Мужчина с табаком и вином делается похож на чорта! – говорит немецкая поговорка.
Бакланов, возвратясь домой, спросил себе бутылку вина, закурил сигару, человека отпустил спать, а сам начал пить и курить.
Более ясно проходившие в голове мысли были следующие:
«Славная вещь – эти немножко шаловливые женщины».
Сильная затяжка сигарой и рюмка портвейну.
«Как бы отлично теперь, вместо того, чтобы ехать домой, заехать к какой-нибудь госпоже и учинить с нею оргию».
Еще рюмка и затяжка сигарой.
«Что я Казимиру пропускаю… Она, должно быть, страстная женщина!»
Новая рюмка и новая затяжка.
«Сходить разве к ней?»
У Бакланова при этом в голове даже помутилось.
«Чорт, пожалуй, рассердится!» – продолжал он. Однако встал. Шаги его уже были неровны.
«Скажу, что заболел, люди все спят, и пришел к ней».
И, недолго думая, он запахнул халат, прошел на цыпочках залу, коридор и отворил дверь в комнату, где спала Казимира. Та сейчас же услыхала.
– Кто это? – спросила она немножко испуганным голосом.
– Это я, Казимира, не тревожьтесь! – говорил Бакланов, подходя к ней и дотрагиваясь до нее рукою.
– Ах, Александр Николаич, не случилось ли чего-нибудь? – воскликнула Казимира, привставая.
– Нет, ничего; я так пришел, побыть с вами, – отвечал он; голос его был нетверд.
– Чтой-то, как же возможно в такое время! Придут, пожалуй, кто-нибудь.
– Никто не придет, никто! – говорил Бакланов, беря и целуя ее руку.
– Да как никто? Так вот дети, Валеренька спят! – говорила Казимира.
– Ну, пойдемте ко мне в кабинет.
– Зачем я пойду к вам? Что мне там делать!
– Мы будем сидеть, разговаривать.
– Нет, Александр, ступайте, ступайте! – говорила Казимира, дрожа всем телом.
– Если вы не пойдете, я на вас ужасно рассержусь.
– Как это возможно! Душечка Александр, это невозможно.
– Отчего же невозможно?
– Оттого, что у вас жена есть! Что вы!
– Убирайтесь вы с женой! Не люблю я ее. Пойдемте, ангел мой!
– Александр! Умоляю, оставьте меня!

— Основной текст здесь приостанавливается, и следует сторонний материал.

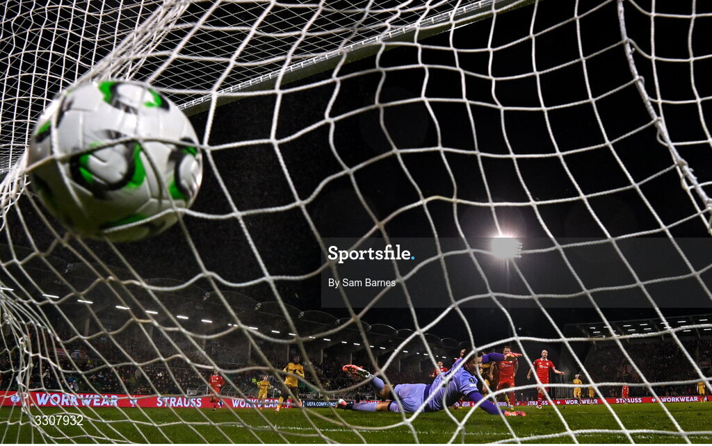 11 December 2025; Shelbourne goalkeeper Wessel Speel watches on as Yeremy Pino of Crystal Palace, hidden, scores his side's third goal during the UEFA Conference League 2025/26 league phase match between Shelbourne and Crystal Palace at Tallaght Stadium in Dublin. Photo by Sam Barnes/Sportsfile

Оставь! – говорила Казимира.
– Не оставлю, – говорил он, обнимая ее и насильно подводя к двери.
– Александр! – вздумала было еще раз воспротивиться Казимира.
– Если ты для меня этого не сделаешь, я возненавижу тебя! – проговорил Бакланов; голос его при этом звучал почти с бешенством.

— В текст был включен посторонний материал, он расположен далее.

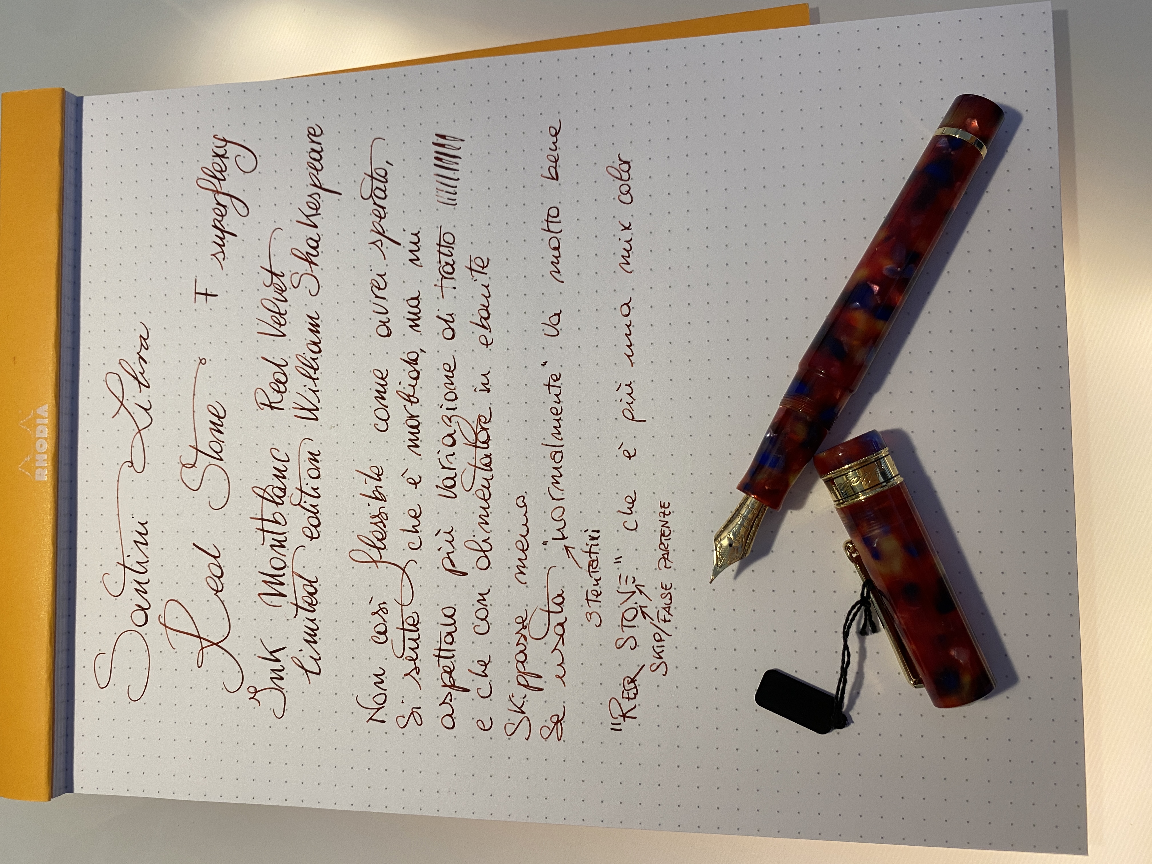 I rebbi erano sfasati tra loro di alcuni millimetri, e nelle lettere ovali come O, L, o F, la penna faticava, il tratto saltava e rimanevano fastidiosi spazi bianchi. Scrissi alla Santini e mi dissero che i rebbi si sarebbero riallineati nell'utilizzo. Inoltre mi consigliarono inchiostro waterman (che non ho mai usato finora).

– Ах, Господи! – воскликнула бедная женщина, вся пылая в его объятиях. – Дайте мне, по крайней мере, надеть на себя что-нибудь.
– Ну, наденьте.
Она торопливо накинула на себя капот и надела туфли.
Бакланов обнял ее и увел.
10. Бедная жертва
В семействе Баклановых все шло как бы по-прежнему; но в самом деле это было не так: безумная Казимира начала чувствовать страх непреодолимый к Евпраксии и почти что избегал ее видеть, стремясь всей душой быть с Александром, единственным ее спасителем и покровителем; о он, напротив, удовлетворив минутному увлечению, почувствовал к Казимире более чем равнодушно, почти что отвращение; сначала он превозмогал себя, а потом и скрывать этого не мог, и не только самым тщательным образом старался не оставаться с Казимирой с глазу на глаз, но даже уходил из комнаты, в которую она входила. Казимира наконец заметила это и поняла: что бы там ни чувствовало сердце, но в ней заговорила гордость, она сама не стала обращать внимания на Бакланова, а между тем, когда ее начинали невыносимо душить слезы, она пила холодную воду, глотала лед, ходила почти босыми ногами по замерзшей семье. Все сие наконец восприяло свои действия!
В одно утро Евпраксия ранее обыкновенного подошла к спальне мужа и отворила дверь.
– Что ты спишь? Вставай! – сказала она.
Бакланов взмахнул глазами.
– Казимира больна, – продолжала Евпраксия.